This announcement is for information purposes only and does not constitute an invitation or offer to acquire, purchase or subscribe for the securities of the Company. This announcement is not, and is not intended to be, an offer of securities of the Company for sale, or the solicitation of an offer to buy securities of the Company, in the United States or any other jurisdiction in which such offer, solicitation or sale would be unlawful prior to registration or qualification under the securities laws of any such jurisdiction. The securities referred to in this announcement have not been and will not be registered under the U.S. Securities Act, and may not be offered or sold within the United States (as defined in Regulation S under the U.S. Securities Act) except pursuant to an exemption under, or in a transaction not subject to the U.S. Securities Act. This announcement and the information contained herein are not for distribution, directly or indirectly, in or into the United States.
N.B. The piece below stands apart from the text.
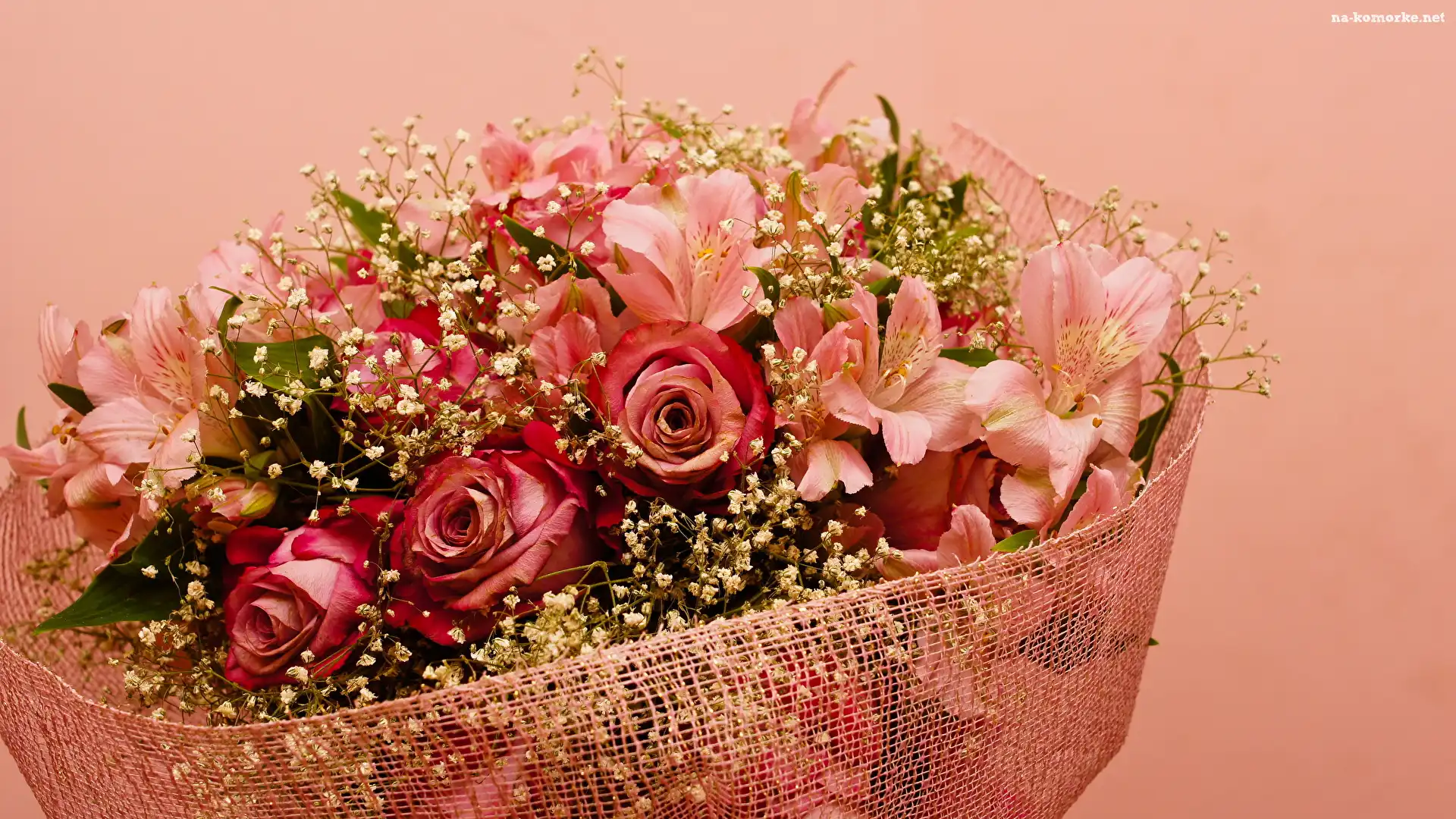 Gipsówka, Róże, Bukiet, Florystyczna, Alstremerie, Siatka na Komórkę

No public offer of the securities referred to herein is being or will be made in the United States.

China Logistics Property Holdings Co., Ltd

中 國 物 流 資 產 控 股 有 限 公 司

(Incorporated in the Cayman Islands with limited liability)

(Stock Code: 1589)

SUPPLEMENTAL ANNOUNCEMENT

PROPOSED ISSUE OF

US$100,000,000 6.95% CONVERTIBLE BONDS DUE 2025

UNDER SPECIFIC MANDATE

References are made to the announcements of China Logistics Property Holdings Co., Ltd (the "Company") dated 29 June 2020 and 7 July 2020 and the circular of the Company dated 27 July 2020 (the "Circular") in relation to the Bonds Issue. Capitalised terms used herein have the same meanings as those defined in the Circular unless the context otherwise requires.

As disclosed in the Circular, the Company has applied to the Stock Exchange for the listing of the Bonds by way of debt issues to professional investors (as defined in Chapter 37 of the Listing Rules and in the SFO). After further discussions and commercial consideration, the Company and the Purchaser decided not to list the Bonds on the Stock Exchange. Accordingly, the Company, the Subsidiary Guarantors and the Purchaser entered into a supplemental subscription agreement dated 31 July 2020 (the "Supplemental Agreement") in relation to the deletion of the relevant condition precedent to the Bonds Issue.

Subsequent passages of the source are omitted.